As mentioned, there are interaction points between Traffic Control and BPF programs, so you need to understand some Traffic Control concepts. If you have already mastered Traffic Control, feel free to skip this terminology section and go straight to the examples.

Queueing disciplines

Queuing disciplines (qdisc) define the scheduling objects used to enqueue packets going to an interface by changing the way they are sent; those objects can be classless or classful.

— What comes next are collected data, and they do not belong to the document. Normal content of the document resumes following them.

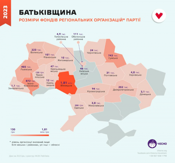 Партія “Батьківщина” торік загалом отримала 90 млн грн із держбюджету. Бюджетний фонд Кіровоградської обласної організації склав 94 тис. грн. Регіональні осередки більшість коштів витрачали на адміністративну діяльність — оренду офісів, податки й збори. Окрім сусідньої Вінниці, де близько мільйона витратили на рекламу, зокрема й на розміщення рекламних публікацій в газетах.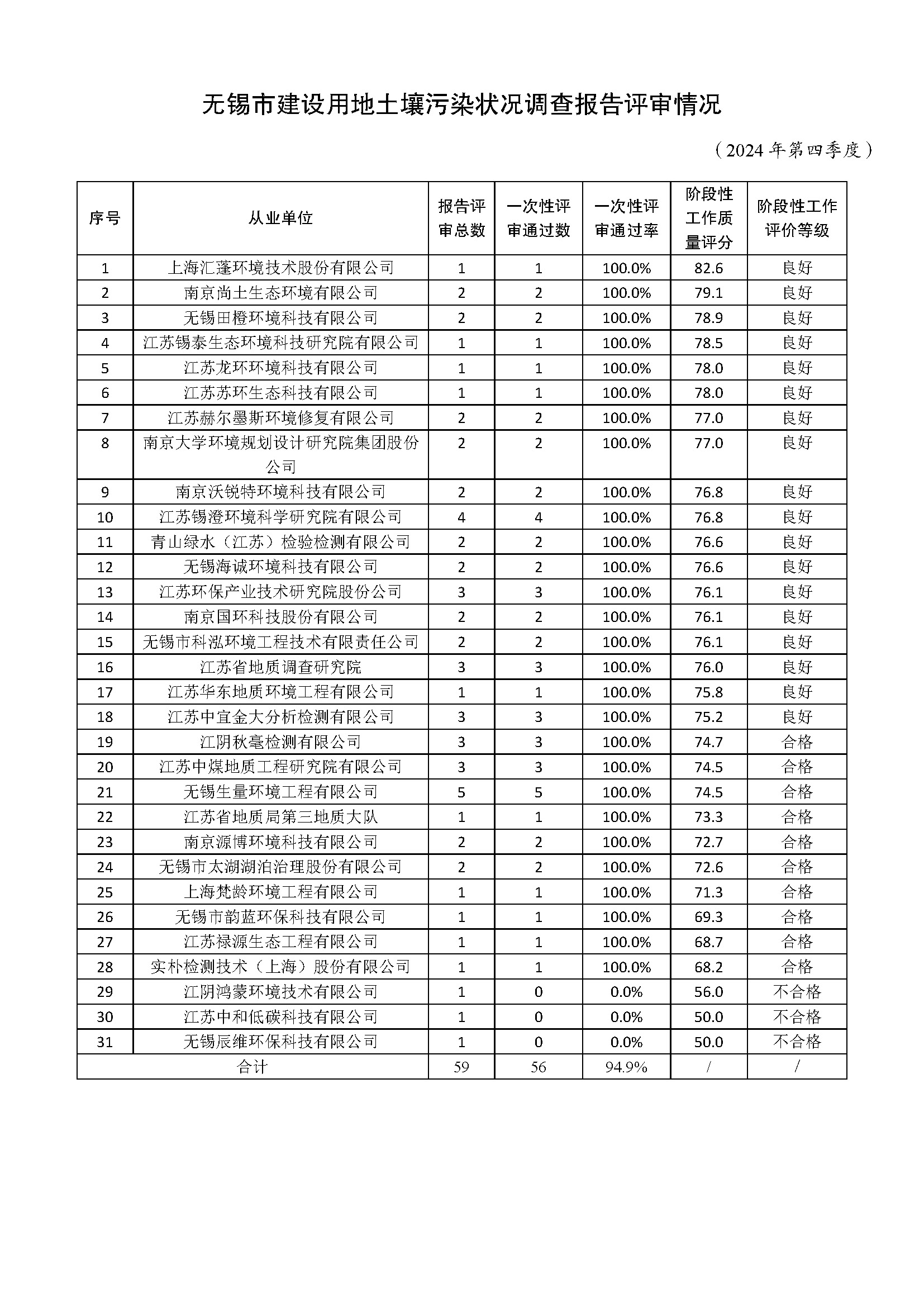 根據(jù)《無錫市建設(shè)用地土壤污染狀況調(diào)查從業(yè)單位工作質(zhì)量評價辦法(試行)》,我局對全市2024年第四季度建設(shè)用地土壤污染狀況調(diào)查報告評審情況進行了匯總,相關(guān)情況公示如下: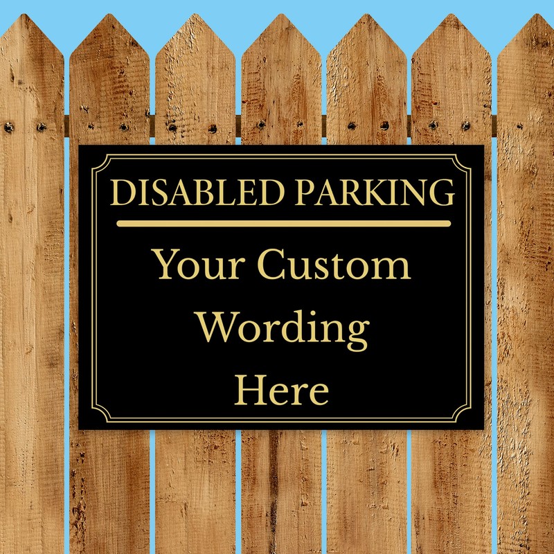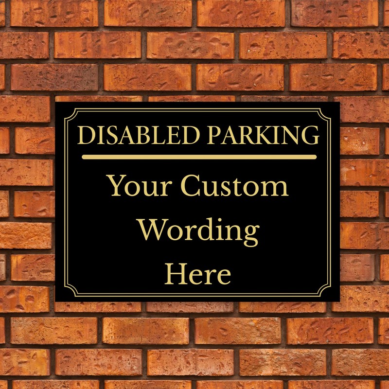 Black And Gold ‘DISABLED PARKING’ and a CUSTOM PRINTED MESSAGE, Warning Sign. Tough, Durable and Rust-Proof Weatherproof PVC Sign for Outdoor Use, No. 056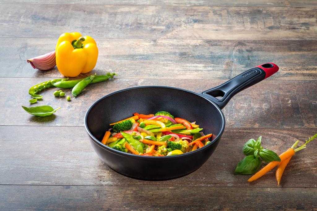 Silné dno a tělo pánve rovnoměrně rozvádí teplo, ergonomická rukojeť pánve krásně padne do ruky a díky povrchové úpravě Soft-touch je i velmi příjemná.

The default qdisc is pfifo_fast, which is classless and enqueues packets on three FIFO (first in first out) queues that are dequeued based on their priority; this qdisc is not used for virtual devices like the loopback (lo) or Virtual Ethernet devices (veth) that use noqueue instead. Besides being a good default for its scheduling algorithm, pfifo_fast also doesn’t require any configuration to work.

Virtual interfaces can be distinguished from physical interfaces (devices) by asking the /sys pseudo filesystem:

ls -la /sys/class/net
total 0
drwxr-xr-x  2 root root 0 Feb 13 21:52 .
drwxr-xr-x 64 root root 0 Feb 13 18:38 ..
lrwxrwxrwx  1 root root 0 Feb 13 23:26 docker0 ->
../../devices/virtual/net/docker0
lrwxrwxrwx  1 root root 0 Feb 13 23:26 enp0s31f6 ->
../../devices/pci0000:00/0000:00:1f.6/net/enp0s31f6
lrwxrwxrwx  1 root root 0 Feb 13 23:26 lo -> ../../devices/virtual/net/lo

At this point, some confusion is normal. If you’ve never heard about qdiscs, one thing you can do is to use the ip a command to show the list of network interfaces configured in the current system:

ip a
1: lo: <LOOPBACK,UP,LOWER_UP> mtu 65536 qdisc noqueue
state UNKNOWN group default qlen 1000
    link/loopback 00:00:00:00:00:00 brd 00:00:00:00:00:00
    inet 127.0.0.1/8 scope host lo
    valid_lft forever preferred_lft forever
    inet6 ::1/128 scope host
    valid_lft forever preferred_lft forever
2: enp0s31f6: <NO-CARRIER,BROADCAST,MULTICAST,UP> mtu 1500 qdisc
fq_codel stateDOWN group default
qlen 1000
link/ether 8c:16:45:00:a7:7e brd ff:ff:ff:ff:ff:ff
6: docker0: <NO-CARRIER,BROADCAST,MULTICAST,UP> mtu 1500 qdisc
noqueue state DOWN group default
link/ether 02:42:38:54:3c:98 brd ff:ff:ff:ff:ff:ff
inet 172.17.0.1/16 brd 172.17.255.255 scope global docker0
   valid_lft forever preferred_lft forever
inet6 fe80::42:38ff:fe54:3c98/64 scope link
   valid_lft forever preferred_lft forever

This list already tells us something. Can you find the word qdisc in it? Let’s analyze the situation:

  • We have three network interfaces in this system: lo, enp0s31f6, and docker0.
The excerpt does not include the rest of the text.